In the field of semiconductor devices such as transistors, etc., various bonding methods have been developed for incorporating semiconductor chips in packages and practically used.
In these methods, a technique called die bonding is used to attach a semiconductor chip to a definite position of a substrate for the purposes of ensuring the mechanical connection, electrical connection, heat dissipation, etc. of chips to packages, and is practically performed in the following manners.
(a) Eutectic crystal alloy method: A connection method of scrubbing an Au surface as a conductor surface to which an Si chip is attached with respect to the back surface of the Si chip while heating to about 400.degree. C. to thereby effect alloying by an Au-Si eutectic crystal. However, this method is very expensive due to the use of gold.
(b) Resin bonding method: A method of bonding a chip subjected to a back surface treatment with a pasty adhesive containing a thermosetting resin such as an epoxy resin, etc. and a filler such as Ag, Au, SiO.sub.2, MgO, etc. However, in this method, there is required a long period of time for curing the resin although the mounting work can be performed at ambient temperatures. Also, this method has a disadvantage that the pasty adhesive is inferior in workability because a predetermined amount thereof must be weighed and also the adhesive creates tacky circumstances. Furthermore, such a pasty adhesive has a shortcoming that silver powder is separated by sedimentation during the storage of the paste.
In order to solve the above problems, it has been conceived to provide a die bonding tape comprising an adhesive layer laminated on a release film. More particularly, the die bonding tape is a continuous adhesive tape which comprises an adhesive layer composed mainly of a thermosetting resin and a filler and a release film and which is wound on a reel.
Exemplary as thermosetting resins for the adhesive layer are epoxy resins, polyimide resins, phenolic resins, polyamide resins, silicone resins, etc. as well as modified resins thereof, which form a three-dimensional structure with predetermined amounts of hardeners through crosslinking by heating.
The electroconductive fillers to be added to the resins are powders of metals such as gold, silver, copper, nickel, rhodium, palladium, etc. which pass #100 mesh, preferably #300 mesh.
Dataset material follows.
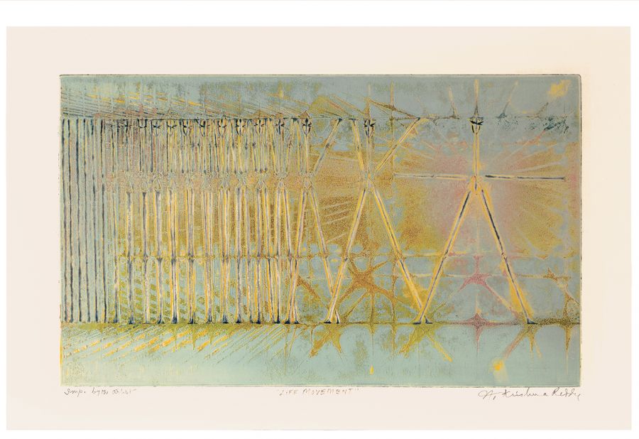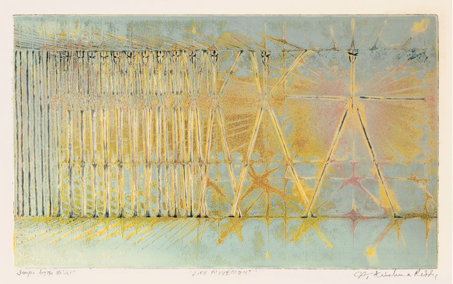 Krishna Reddy, Life Movement, color viscosity intaglio, edition 10, a proof apart from the numbered edition, 1972. Signed, titled, and annotated Imp. by the artist in pencil. Very scarce.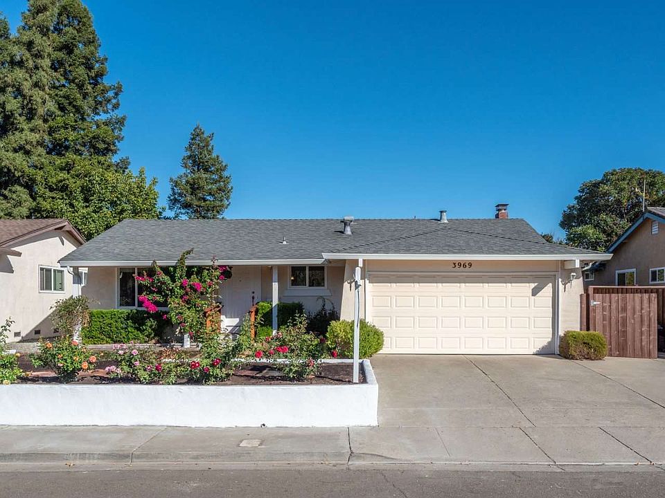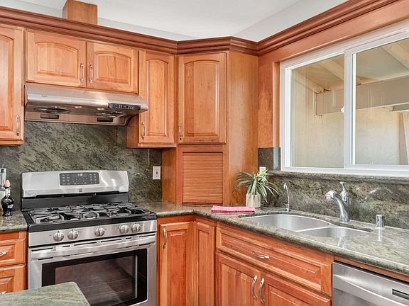 Love at First Sight! You will fall in love with this gourmet granite slab kitchen with custom cherry cabinetry and Mahogany floors. Beautiful arched doorway to living room. Step down family room with arched doorway and cozy fireplace. New plush carpeting, dual pane windows, new interior paint. Remodeled hall bathroom with glass tile backsplash and tile floors. Master bedroom with updated bathroom. Peaceful backyard with covered deck, garden and fruit trees. Walk to all three award winning schools, parks, shopping and historic downtown Pleasanton. Minutes to all highways, Bart and Livermore wine country.

Non-electroconductive fillers include metal oxides such as MgO, Al.sub.2 O.sub.3 and SiO.sub.2. All of these fillers are effective in preventing softening by heat or shrinkage.
In the case of epoxy resins, used as hardeners are acid anhydrides, imidazoles, dicyandiamide, amines, etc. and optionally silane coupling agents, etc.
On the other hand, useful as release films are films and papers release-treated with silicone resins, etc. which include films of polyethylene terephthalate, polypropylene and fluoroplastics. These release-treated films or papers are characterized in that although they are attached to the aforementioned adhesives they are easily removable. The release treatment may be made either to the single side or to both sides of the film or paper, but the treatment to both sides may be preferred.
Practical adhesive tapes for die bonding are about 50 to 100 m long, about 1 to 8 mm wide (this width corresponding to the sizes of semiconductor chips) and about 30 to 150 .mu.m thick, preferably 40 to 100 .mu.m thick. Of the above thickness, the adhesive layer has a thickness of about 10 to 50 .mu.m, preferably 20 to 30 .mu.m, while the release film has a thickness of about 20 to 100 .mu.m, and a release-treated polyethylene terephthalate tape having a thickness of 25 to 75 .mu.m (standard being 38 .mu.m) is usually used.
When winding the above adhesive tapes for die bonding on reels, a preferred winding manner for preventing the inside from contamination is such that the release film faces the outside although either of the adhesive layer and release film may face the outside.
However, no special care has been exercised to the state of the surface of the adhesive layer, and the conventional tapes for die bonding have physical surfaces common to ordinary tapes or films. As a result, the conventional tapes for die bonding have a shortcoming that voids tend to generate in the adherent interface between the surface of the adhesive layer and the die pad when the adhesive layer is bonded to the die pad of a lead frame by pressing a heat rod on the back of the release film by way of heat transfer. And, the voids once formed between the lead frame and the surface of the tape may result in the following troubles:
(1) the voids tend to collect water, solvents, etc. and cause steam explosion by heat stock thereby generating cracks in the lead frame, etc.; and PA1 (2) the bond strength between the lead frame and the surface of the tape for die bonding is insufficient.
Consequently, because of the above-mentioned reasons, the reliability of the semiconductor device decreases.